TASK BRIEF:
Look in the listing below for the line that has "本网讯 2月27日,旅游学院", then return it and each following line up to and including the one with "Our Skills Clinic", exactly and without pictures.

SOURCE DATA:
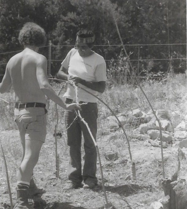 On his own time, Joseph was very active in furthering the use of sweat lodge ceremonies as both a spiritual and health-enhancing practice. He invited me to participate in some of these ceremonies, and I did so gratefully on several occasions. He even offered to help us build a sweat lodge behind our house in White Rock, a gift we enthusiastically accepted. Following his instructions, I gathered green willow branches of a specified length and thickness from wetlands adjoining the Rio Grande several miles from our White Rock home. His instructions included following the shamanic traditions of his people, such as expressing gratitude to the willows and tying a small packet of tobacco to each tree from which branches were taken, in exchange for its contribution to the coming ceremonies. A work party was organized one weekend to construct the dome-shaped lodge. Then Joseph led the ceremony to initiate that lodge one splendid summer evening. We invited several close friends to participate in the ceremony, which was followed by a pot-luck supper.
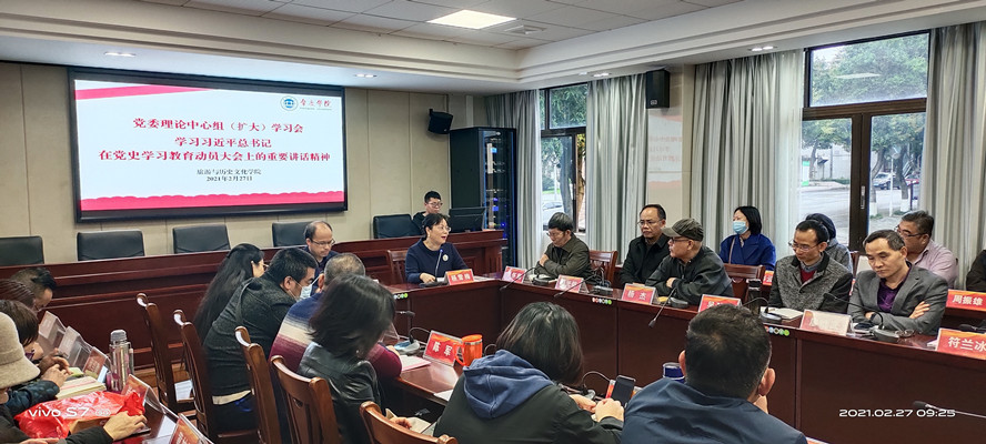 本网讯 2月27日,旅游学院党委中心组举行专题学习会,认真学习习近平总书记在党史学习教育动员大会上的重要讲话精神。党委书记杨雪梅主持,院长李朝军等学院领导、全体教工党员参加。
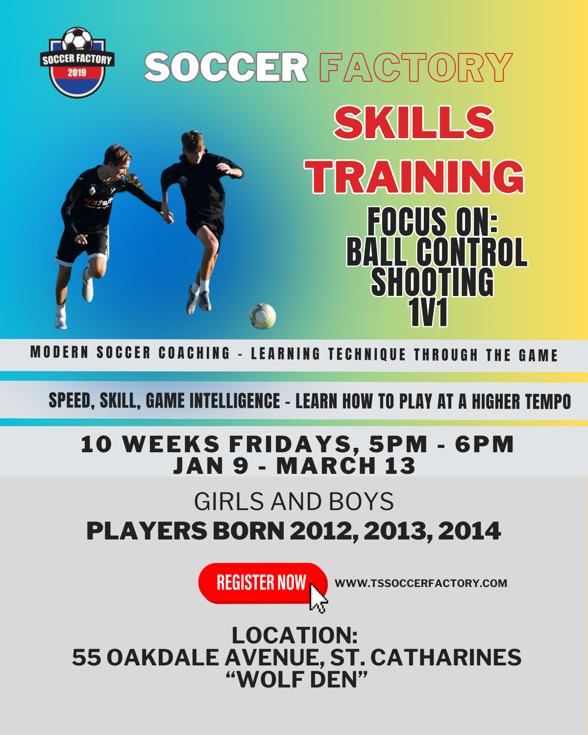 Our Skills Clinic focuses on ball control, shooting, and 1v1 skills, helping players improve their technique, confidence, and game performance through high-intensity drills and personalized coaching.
---
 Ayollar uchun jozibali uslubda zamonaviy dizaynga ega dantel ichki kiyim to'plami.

OUTPUT:
 本网讯 2月27日,旅游学院党委中心组举行专题学习会,认真学习习近平总书记在党史学习教育动员大会上的重要讲话精神。党委书记杨雪梅主持,院长李朝军等学院领导、全体教工党员参加。
 Our Skills Clinic focuses on ball control, shooting, and 1v1 skills, helping players improve their technique, confidence, and game performance through high-intensity drills and personalized coaching.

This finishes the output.